Listeners—or, rather, viewers—have led the charge. For the past couple of years the most popular platform for podcasts in America has been not Spotify or Apple, podcasting’s pioneers, but YouTube, a video giant owned by Google. Three in ten American listeners say they consume podcasts mainly in video form, according to Coleman Insights and Amplifi Media, a pair of research firms. YouTube says on-TV consumption of podcasts nearly doubled in the year to October.

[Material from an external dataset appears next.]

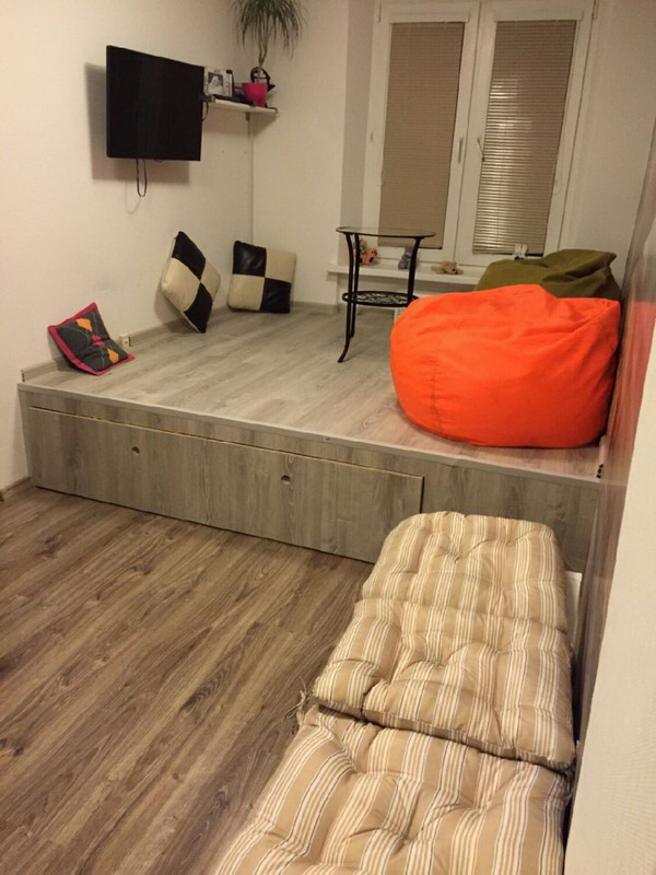 A small loggia allows you to place a bed on it. Balcony, of course, must be insulated, with warm glazing. The podium is made of furniture panels and plywood: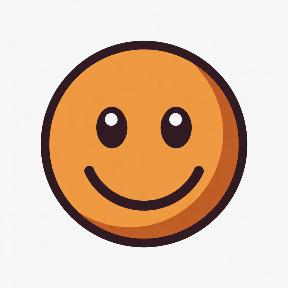 A round orange face with a simple smile and two eyes. It has a clean, flat style suitable for various uses.

Podcasters are switching on their cameras to chase these audiences. Some 71% of American ones now film video alongside audio, according to Sounds Profitable, which tracks the industry. (The Economist has added video to some of its podcasts, too.) With even basic video a podcast can live on YouTube and be exposed to its nearly 3bn users. Highlights can be clipped and shared on social media. Reaching new audiences has long been tricky for podcasters, who relied on word of mouth. Now, listeners in America say that social media is their main way to find new shows, according to Coleman and Amplifi.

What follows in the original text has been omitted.